▶ _Brief_
If a line in the data contains "with", copy it out.

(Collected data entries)
= = = = = = =

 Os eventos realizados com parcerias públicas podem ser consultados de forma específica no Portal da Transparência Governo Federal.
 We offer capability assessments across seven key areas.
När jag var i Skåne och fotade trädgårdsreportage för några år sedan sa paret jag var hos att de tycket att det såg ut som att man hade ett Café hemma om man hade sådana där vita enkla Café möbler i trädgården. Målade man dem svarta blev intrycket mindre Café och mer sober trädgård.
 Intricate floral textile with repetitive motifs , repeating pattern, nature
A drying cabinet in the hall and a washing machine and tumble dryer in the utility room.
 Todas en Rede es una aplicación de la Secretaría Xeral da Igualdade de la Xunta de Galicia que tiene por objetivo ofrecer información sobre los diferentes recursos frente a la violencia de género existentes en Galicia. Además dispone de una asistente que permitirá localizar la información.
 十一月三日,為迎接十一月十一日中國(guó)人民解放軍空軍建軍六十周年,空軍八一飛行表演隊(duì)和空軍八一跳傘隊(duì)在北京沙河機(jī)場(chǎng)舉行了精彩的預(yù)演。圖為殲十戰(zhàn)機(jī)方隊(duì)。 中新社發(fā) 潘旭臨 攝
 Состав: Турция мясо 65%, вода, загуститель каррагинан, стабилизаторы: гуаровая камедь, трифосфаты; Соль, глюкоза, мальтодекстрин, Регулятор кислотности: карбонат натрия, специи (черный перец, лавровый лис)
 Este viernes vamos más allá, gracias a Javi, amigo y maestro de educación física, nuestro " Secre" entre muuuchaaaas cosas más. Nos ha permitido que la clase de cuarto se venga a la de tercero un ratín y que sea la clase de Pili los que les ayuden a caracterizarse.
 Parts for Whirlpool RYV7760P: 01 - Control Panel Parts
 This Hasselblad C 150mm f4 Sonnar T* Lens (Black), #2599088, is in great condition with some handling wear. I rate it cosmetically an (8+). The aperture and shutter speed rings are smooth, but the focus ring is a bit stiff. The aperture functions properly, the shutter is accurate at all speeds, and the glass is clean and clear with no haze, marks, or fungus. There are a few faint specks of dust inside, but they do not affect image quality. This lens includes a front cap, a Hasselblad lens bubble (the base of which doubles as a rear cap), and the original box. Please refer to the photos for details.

= = = = = = =

▶ _Task result_
 Intricate floral textile with repetitive motifs , repeating pattern, nature
 This Hasselblad C 150mm f4 Sonnar T* Lens (Black), #2599088, is in great condition with some handling wear. I rate it cosmetically an (8+). The aperture and shutter speed rings are smooth, but the focus ring is a bit stiff. The aperture functions properly, the shutter is accurate at all speeds, and the glass is clean and clear with no haze, marks, or fungus. There are a few faint specks of dust inside, but they do not affect image quality. This lens includes a front cap, a Hasselblad lens bubble (the base of which doubles as a rear cap), and the original box. Please refer to the photos for details.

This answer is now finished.